The most common version requires that no single trading day accounts for more than 30-40% of your total profit. For example, if you make $5,000 total during an evaluation, no single day can account for more than $1,500-$2,000 of that profit. Some firms calculate this as a percentage, others use a fixed ratio. The rule is checked at the time you request a payout or complete an evaluation phase.

Which Firms Have a Consistency Rule?

Consistency rules are most common among firms that want to verify traders have a repeatable strategy. Firms without consistency rules tend to rely more heavily on longer minimum trading day requirements or multi-phase evaluations instead.
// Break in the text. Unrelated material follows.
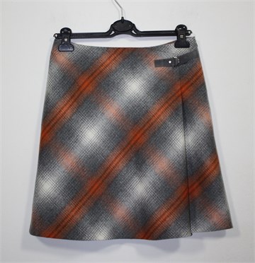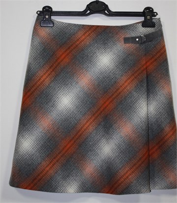 Taifun Collection zimska suknja sivo-narančasto-bijele boje sa uzorkom. Bočni cif, ukrasna kopčica i faldica sa prednje strane. Prekrasan, mekan i mucast materijal - podstavljena.

How to Pass the Consistency Rule

The simplest approach: set a daily profit target and stop trading once you hit it. If you need $5,000 over 20 days, target $250/day. When you have a great day (+$800), stop early — do not keep trading. When you have a losing day (-$200), accept it and move on. The consistency rule rewards the tortoise, not the hare. Also, track your daily P&L distribution using a tool like PropTally to see your consistency metrics before submitting for evaluation.

Common Mistakes

The most common mistake is having one exceptional day (often by accident) that accounts for too much of your total profit. This can be especially frustrating if it happens early in the evaluation. Another mistake is revenge trading after a losing day, which creates large variance and destroys consistency.

Frequently Asked Questions

Can I fail a challenge just for the consistency rule?

Yes — even if you hit the profit target and stay within drawdown, violating the consistency rule means you fail or cannot receive a payout.

Does the consistency rule apply to funded accounts too?

Some firms enforce it only during evaluation, while others apply it to funded payouts as well. Check your specific firm rules.

What percentage is typical for the consistency rule?

Most firms set the limit between 30-40% of total profit from any single day. Some firms use 25% or 50%.